José Pinto
- Birth name: José Manuel Duarte Pinto Neves
- Date of birth: 5 February 1981 (age 44)
- Place of birth: Lisbon
- Height: 1.75 m (5 ft 9 in)
- Weight: 83 kg (183 lb)

Rugby union career
- Position(s): Scrum-half

International career
- Years: Team / Apps / (Points)
- 2001–2012: Portugal / 57 / (22)

= José Pinto (rugby union) =

Portuguese rugby union player

José Manuel Duarte Pinto Neves (born 5 February 1981, in Lisbon) is a Portuguese rugby union player. He plays as a scrum-half and fullback. He's graduated in medicine.

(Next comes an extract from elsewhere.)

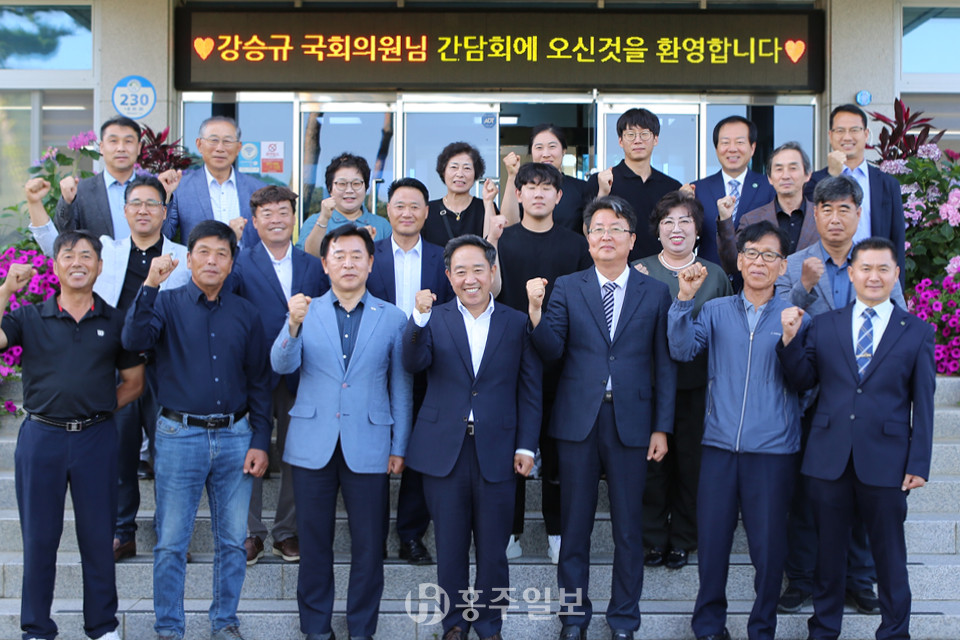 홍성군은 지난달 31일 강승규 국회의원을 초청해 농업인 단체와 함께 군 농업의 발전 방안을 모색하는 간담회를 개최했다.<사진>

José Pinto was a leading name for Direito, from 1999/2000 until 2006/2007. After the 2007 Rugby World Cup finals he moved to CRC Madrid Noroeste. He was assigned by the Italian professional team of Benetton Treviso, in November 2007.

He played in all four games at the 2007 Rugby World Cup, and was chosen as Man of the Match in the 31–5 loss to Italy. He was assigned to an Italian team soon after joining Benetton Treviso for the remainder of the 2007/2008 season. He joined Rugby Roma Olimpic in the off-season for the 2008/2009 season.

José Pinto had 57 caps for Portugal, from 2001 to 2012, with 3 tries, 2 conversion and 1 penalty, 20 points in aggregate.